But here are the niggling details: Davis Polk is not only the company’s outside corporate counsel, but the firm had a role in Wexner’s personal life. His wife Abigail was a former Davis Polk associate, and Dennis Hersch, the Wexners’ current business adviser, was a partner at the firm.

Do these ties put the firm too close to its subject, raising the specter of a conflict?

The legal answer is clearly no. “There is no conflict,” says New York University School of Law professor Stephen Gillers. “Indeed, Ms. Wexner could herself work on the matter as far as the conflict rules are concerned if L Brands agrees.”
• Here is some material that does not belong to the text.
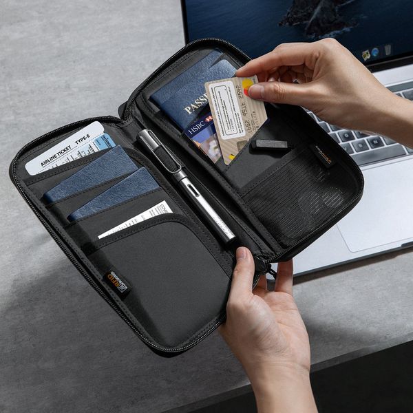 کیف پاسپورت Navigator-T03 از برند تام تاک، همراهی ایدهآل برای مسافران و خانوادههایی است که به دنبال امنیت، سازماندهی و سبک مدرن هستند. این کیف با قابلیت نگهداری 4 پاسپورت، 4 کارت اعتباری، بلیتها، پول نقد، سکه، خودکار و جایگاه مخفی برای AirTag، تمامی نیازهای سفر شما را پوشش میدهد. تکنولوژی RFID تعبیهشده در آن، اطلاعات شخصی شما را از اسکنهای غیرمجاز محافظت میکند. همچنین، با داشتن جایگاه مخصوص سیمکارت و پین خروج، تعویض سیمکارت در سفرهای بینالمللی را آسان میسازد. جیب پشتی با دسترسی سریع برای مدارک و بند مچی برای حمل راحتتر، از دیگر ویژگیهای برجسته این کیف هستند. ساختهشده از نایلون 840D Cordura Ballistic و زیپ ضدآب، این کیف دوام و محافظت بالا را در برابر شرایط مختلف جوی تضمین میکند.

Fordham Law School professor Andrew Kent concurs that is the law, as does Berit Berger, the executive director of Advancement of Public Integrity at Columbia Law School.

“Law firms are placed in this kind of situation all the time,” Berger explains. “Given the reputation of the firm, I don’t think it would do a sub-par job.”

Kent adds: “It is quite common, that people and businesses choose lawyers based on social ties and other personal factors, and lawyers can and often do render independent and professional service notwithstanding such ties.”

That might be the norm, but this case hardly seems the norm. Indeed, even if there’s no technical conflict, won’t there be doubts about how hard-hitting the firm will be when it comes to a valuable client, particularly one run by a strong leader whose personal and professional relationship with the notorious Epstein can only be described as strange?